Aim of the exercise ▸
Return all of the data verbatim, dropping any picture.

── Data for this task ──

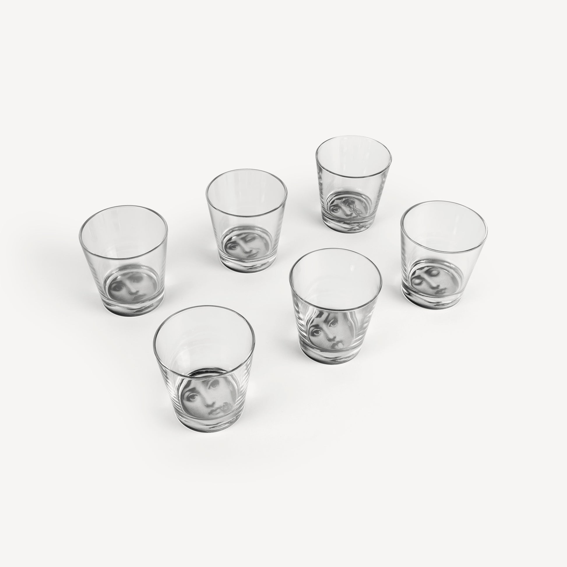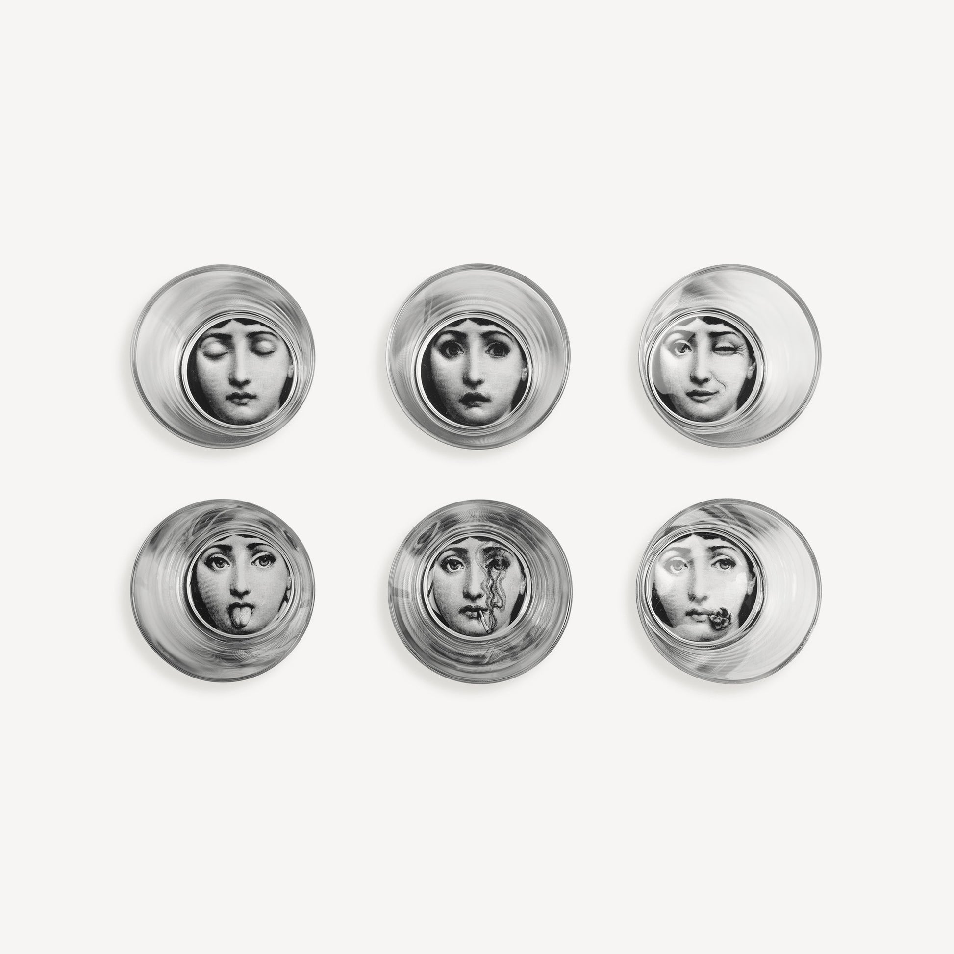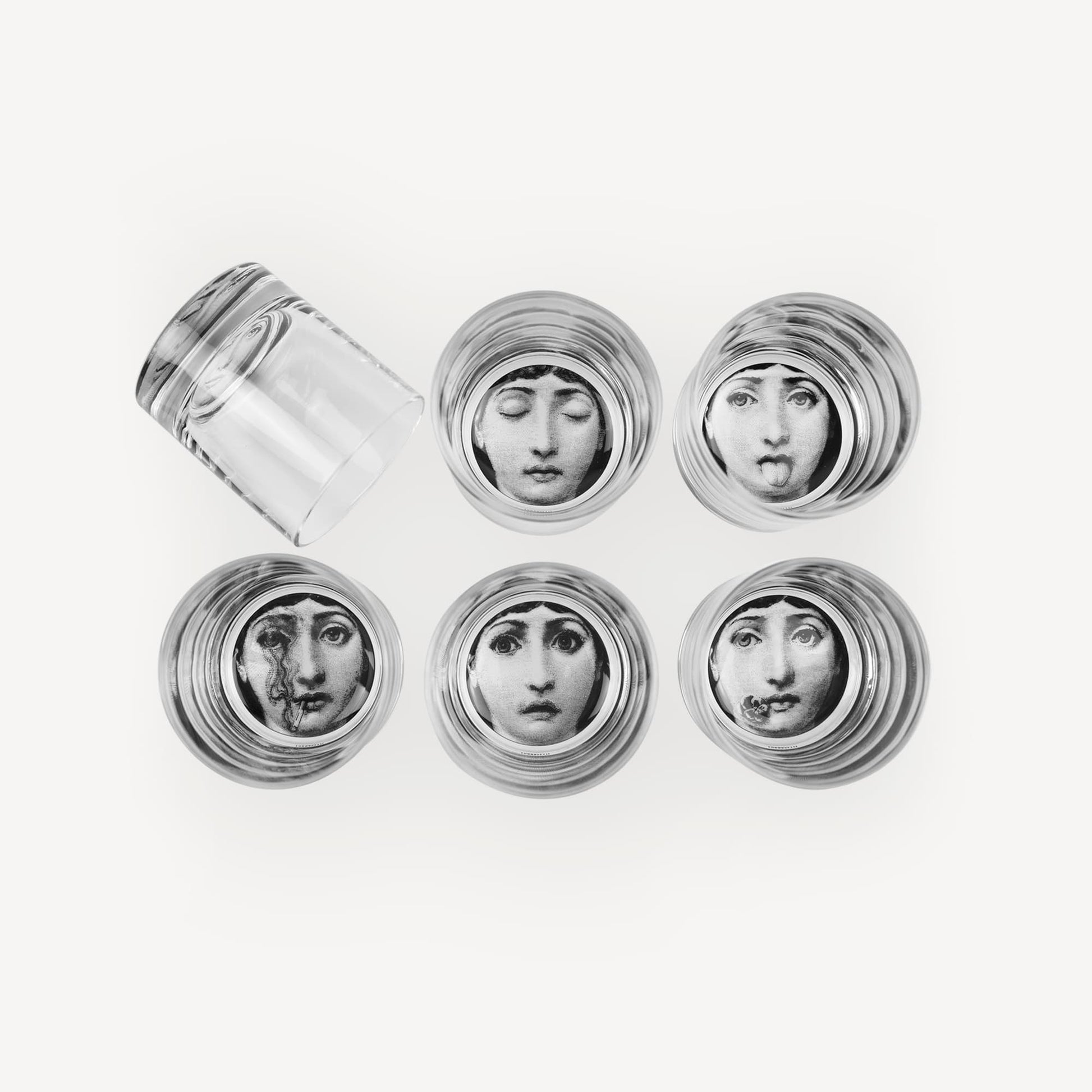 - The Fornasetti set of six glasses combines the linear design with the unmistakable Tema e Variazioni décor.
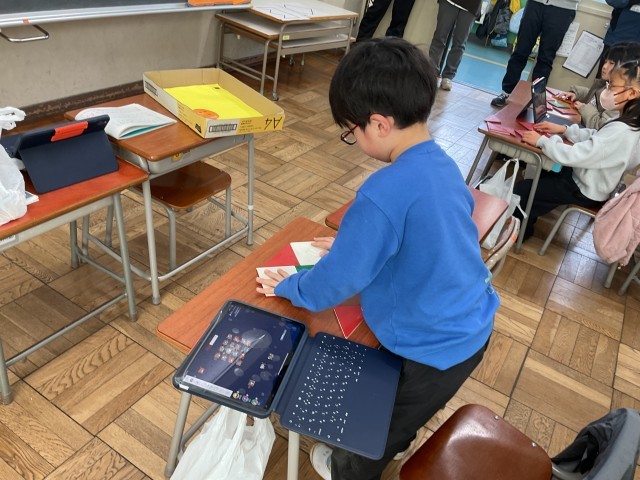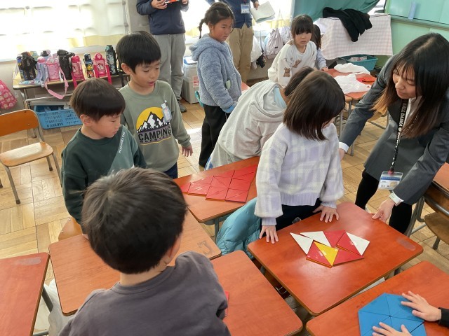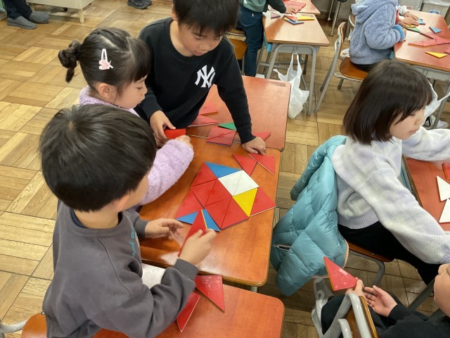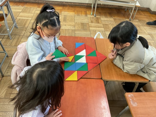 みんながどんな形を作ったのか見合ったり、相談したり、
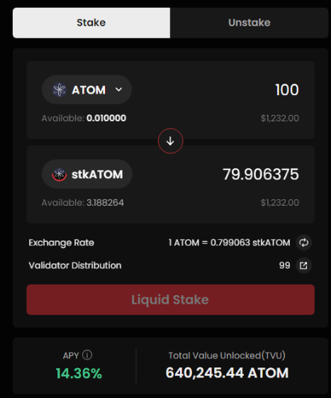 以stkATOM为例,用户每天的质押收益是ATOM,这部分会自动进入质押,继续获得收益。收益进入质押以后,这意味着每一枚stkATOM对应的质押ATOM增加了,用户解除质押时可以获得更多的ATOM。因此,用户的质押收益表现为stkATOM/ATOM的比例增长。
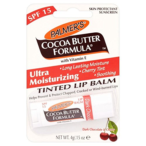 Unique & convenient oval- shaped stick. Made with pure Cocoa Butter and Vitamin E to soften , relieve and protect dry & chapped lips. Enriched with Carnauba wax to give a smooth lip finish. SPF 15 helps protect lips against the harmful UV rays. Dark chocolate & Cherry flavour. Light cherry tint for a touch of glamour.
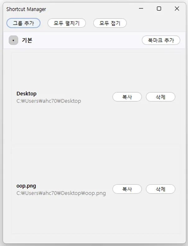 - lnk로 바로가기 만들어 유저가 파일/폴더 위치를 이동시켜도 문제없이 동작하도록 구현 (JNA)
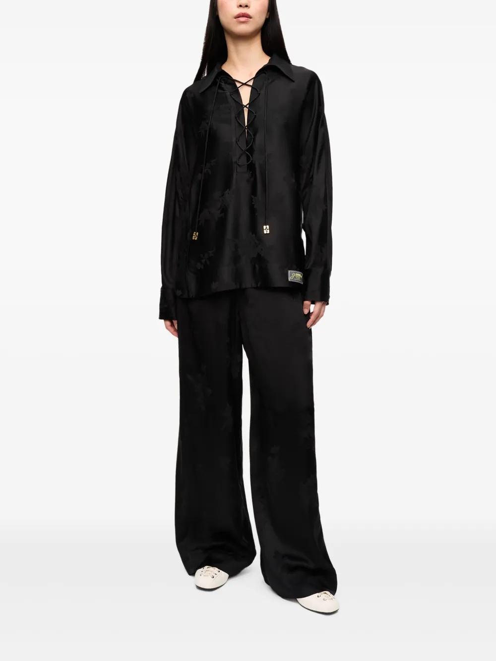 black front lace-up fastening buttoned cuffs logo tag classic collar
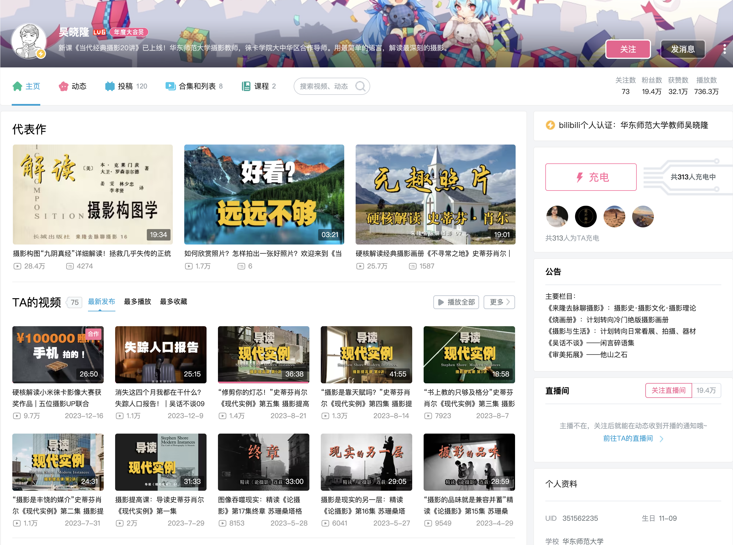 他持续多年在B站更新《来隆去脉聊摄影》节目,该节目以其独特的视角、详实可靠的知识、轻松幽默的风格分享了摄影技巧、理论、历史等知识,迅速吸引了广大学生和网友的关注,让美育教学跨越了校园的界限,以更加生动活泼的形式传播到全国各地。
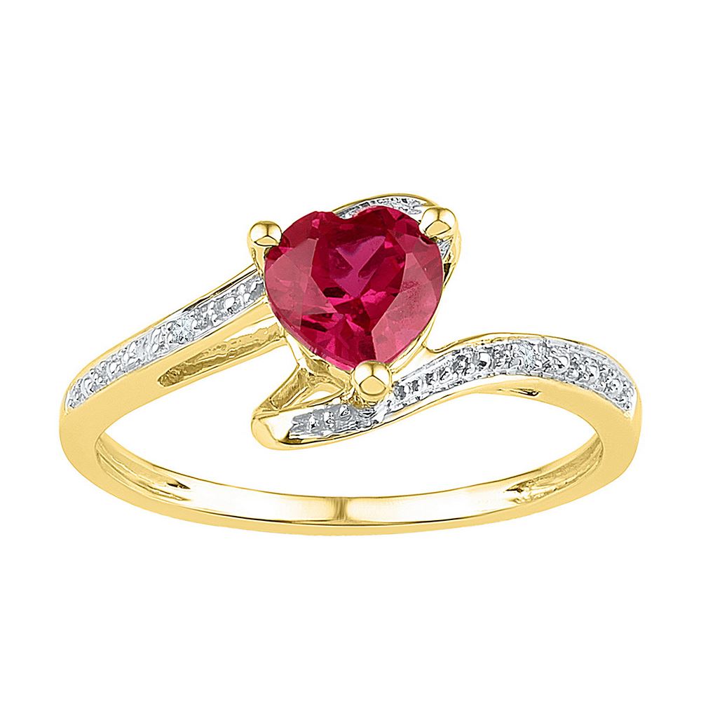 REF-13H4M- SKU: GD109648 ---- 1.01 CTW Heart Created Ruby Solitaire Diamond Ring 10KT Yellow Gold
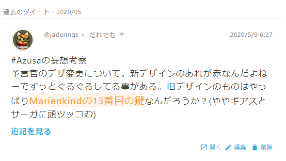 「黒」と「翠」と共にあるもの、というTL上でのアルヴィース君の話(※ネタバレ忌避しないので見ちゃってる)に対し、DE紹介プロモでアルヴィース君の鍵型アクセサリーが「赤」に置き換わった事で、「ああ、これなのか」というところに、なんだか合点がいったのです。
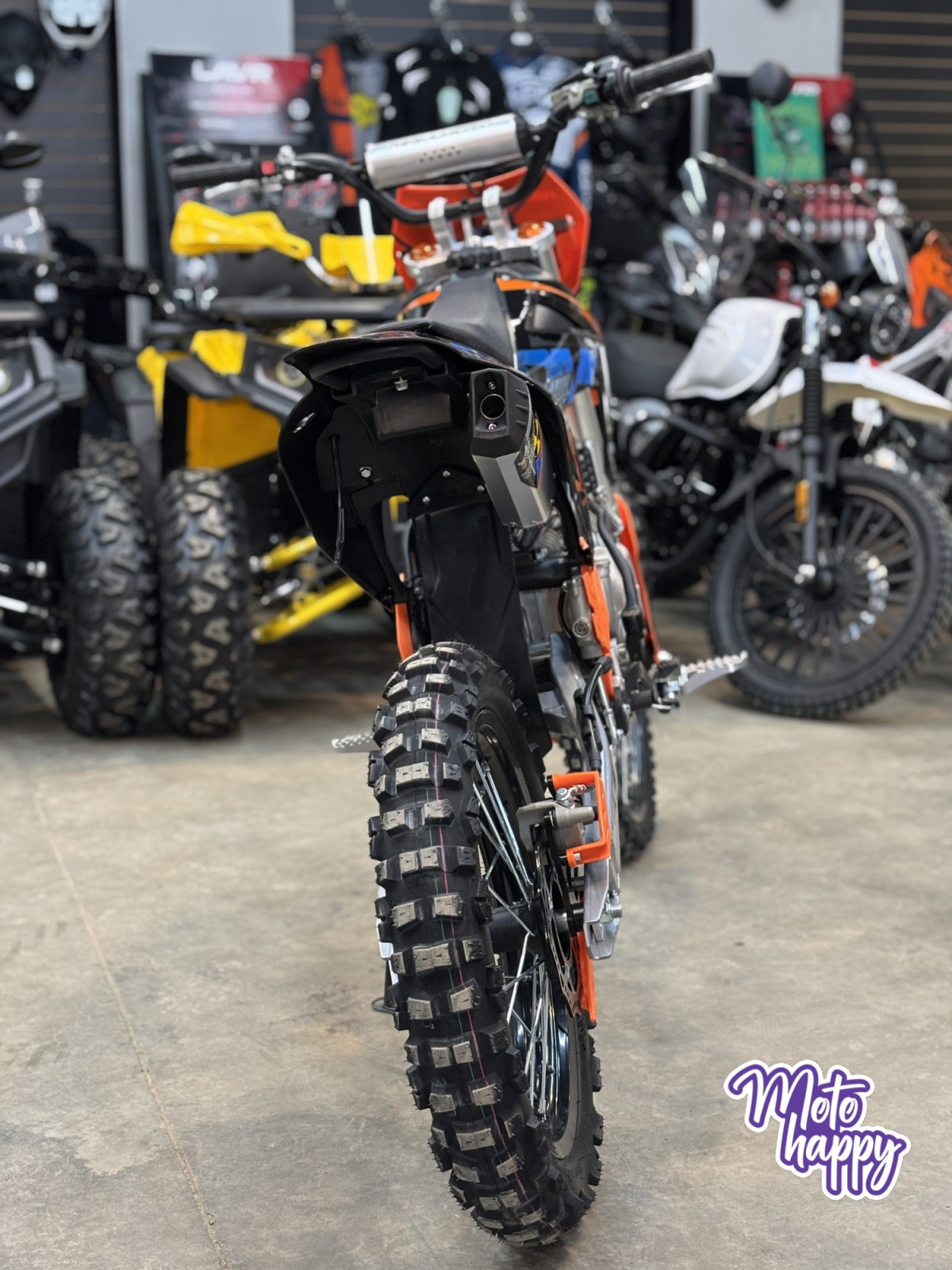Сердце модели - мощный 140-кубовый двигатель YX с воздушно-масляной системой охлаждения, способный выдавать 12 л.с. и выдерживать интенсивные нагрузки. При этом питбайк остаётся невероятно лёгким - всего 83 кг, что в паре с продуманной геометрией даёт феноменальную маневренность. Защита рамы, тормозов и суппорта уже входят в базовую комплектацию.
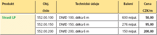 | Částečně perforovaná drenážní trubka z PE-HD. Dříve dodávána pod obchodním označením Strabusil SN 8 (LP) - V sendvičové konstrukci (vně vlnitá, uvnitř hladká) s volně přiloženou spojkou. - Vně černá, uvnitř šedá, s bílým označením vrcholu. - Mimořádně zatížitelná (SN 8 ČSN EN 9969). - Druhy štěrbin podle DIN 4262-1 a NF P 16351. |
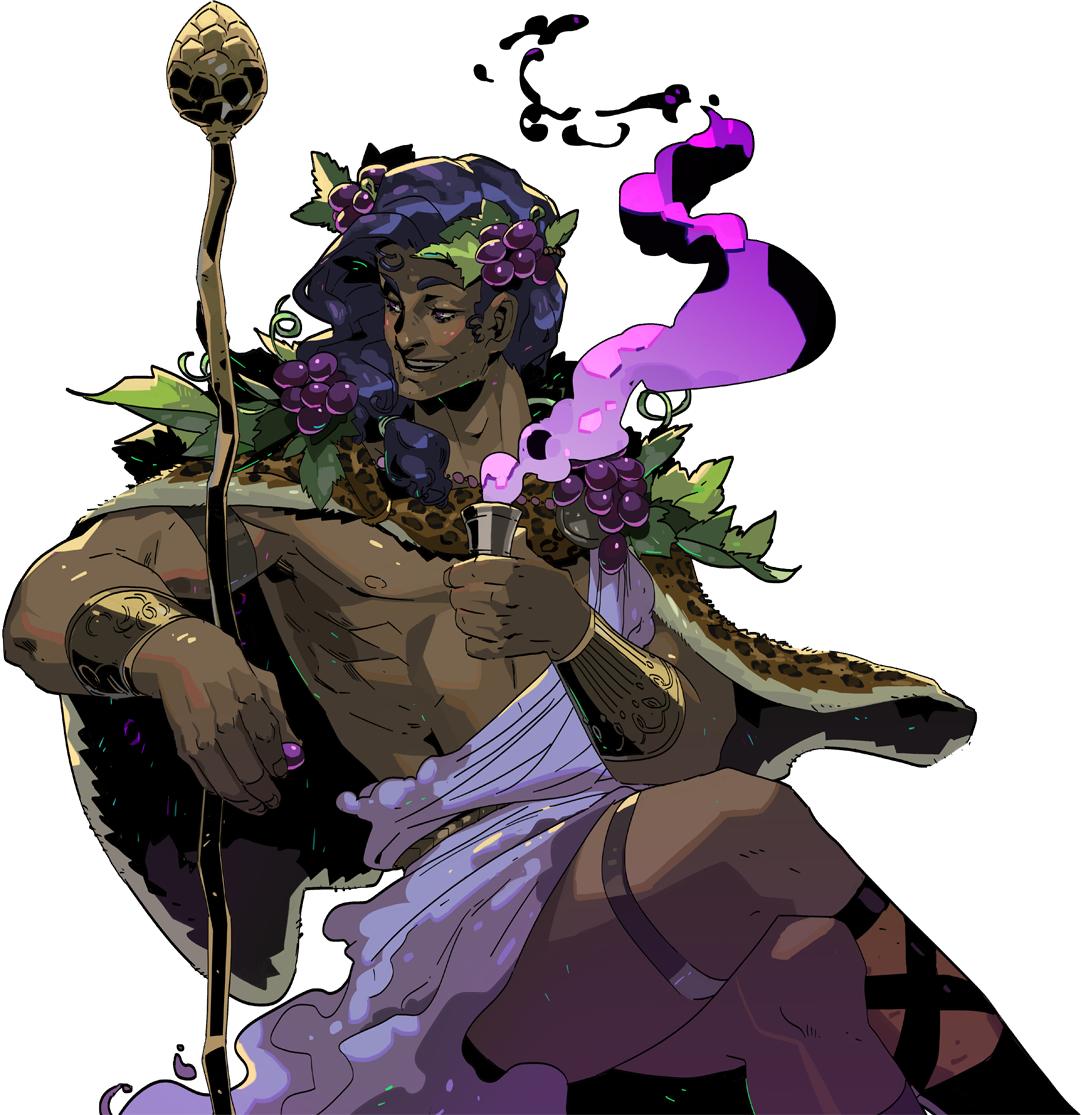 迪奥尼索司,酒神,他与主角的关系之前已经说过,其名字在古希腊语里有“重生之人”的意思。“其身体流着凡人的血”应指他和扎格列欧斯是同一个人,游戏里的扎格列欧斯有四分之一凡人血统。其所持之物为酒神杖 Thyrsus,象征生育和享乐,豹和葡萄也是他的象征。
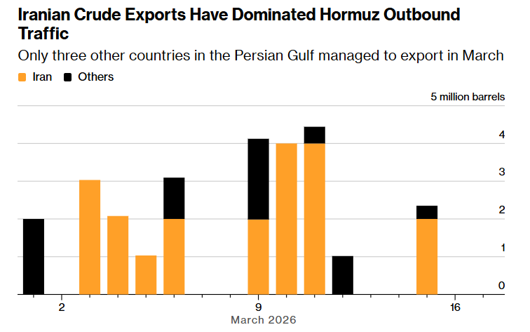 海事分析公司Kpler Ltd.的数据显示,自3月1日以来,离开波斯湾的2720万桶原油中,近四分之三是通过该通道出口的伊朗原油。这相当于德黑兰每日约120万桶原油出口,而战前的日均水平约为150万桶。

───

Reply to the exercise ▸
 - The Fornasetti set of six glasses combines the linear design with the unmistakable Tema e Variazioni décor.
 みんながどんな形を作ったのか見合ったり、相談したり、
 以stkATOM为例,用户每天的质押收益是ATOM,这部分会自动进入质押,继续获得收益。收益进入质押以后,这意味着每一枚stkATOM对应的质押ATOM增加了,用户解除质押时可以获得更多的ATOM。因此,用户的质押收益表现为stkATOM/ATOM的比例增长。
 Unique & convenient oval- shaped stick. Made with pure Cocoa Butter and Vitamin E to soften , relieve and protect dry & chapped lips. Enriched with Carnauba wax to give a smooth lip finish. SPF 15 helps protect lips against the harmful UV rays. Dark chocolate & Cherry flavour. Light cherry tint for a touch of glamour.
 - lnk로 바로가기 만들어 유저가 파일/폴더 위치를 이동시켜도 문제없이 동작하도록 구현 (JNA)
 black front lace-up fastening buttoned cuffs logo tag classic collar
 他持续多年在B站更新《来隆去脉聊摄影》节目,该节目以其独特的视角、详实可靠的知识、轻松幽默的风格分享了摄影技巧、理论、历史等知识,迅速吸引了广大学生和网友的关注,让美育教学跨越了校园的界限,以更加生动活泼的形式传播到全国各地。
 REF-13H4M- SKU: GD109648 ---- 1.01 CTW Heart Created Ruby Solitaire Diamond Ring 10KT Yellow Gold
 「黒」と「翠」と共にあるもの、というTL上でのアルヴィース君の話(※ネタバレ忌避しないので見ちゃってる)に対し、DE紹介プロモでアルヴィース君の鍵型アクセサリーが「赤」に置き換わった事で、「ああ、これなのか」というところに、なんだか合点がいったのです。
Сердце модели - мощный 140-кубовый двигатель YX с воздушно-масляной системой охлаждения, способный выдавать 12 л.с. и выдерживать интенсивные нагрузки. При этом питбайк остаётся невероятно лёгким - всего 83 кг, что в паре с продуманной геометрией даёт феноменальную маневренность. Защита рамы, тормозов и суппорта уже входят в базовую комплектацию.
 | Částečně perforovaná drenážní trubka z PE-HD. Dříve dodávána pod obchodním označením Strabusil SN 8 (LP) - V sendvičové konstrukci (vně vlnitá, uvnitř hladká) s volně přiloženou spojkou. - Vně černá, uvnitř šedá, s bílým označením vrcholu. - Mimořádně zatížitelná (SN 8 ČSN EN 9969). - Druhy štěrbin podle DIN 4262-1 a NF P 16351. |
 迪奥尼索司,酒神,他与主角的关系之前已经说过,其名字在古希腊语里有“重生之人”的意思。“其身体流着凡人的血”应指他和扎格列欧斯是同一个人,游戏里的扎格列欧斯有四分之一凡人血统。其所持之物为酒神杖 Thyrsus,象征生育和享乐,豹和葡萄也是他的象征。
 海事分析公司Kpler Ltd.的数据显示,自3月1日以来,离开波斯湾的2720万桶原油中,近四分之三是通过该通道出口的伊朗原油。这相当于德黑兰每日约120万桶原油出口,而战前的日均水平约为150万桶。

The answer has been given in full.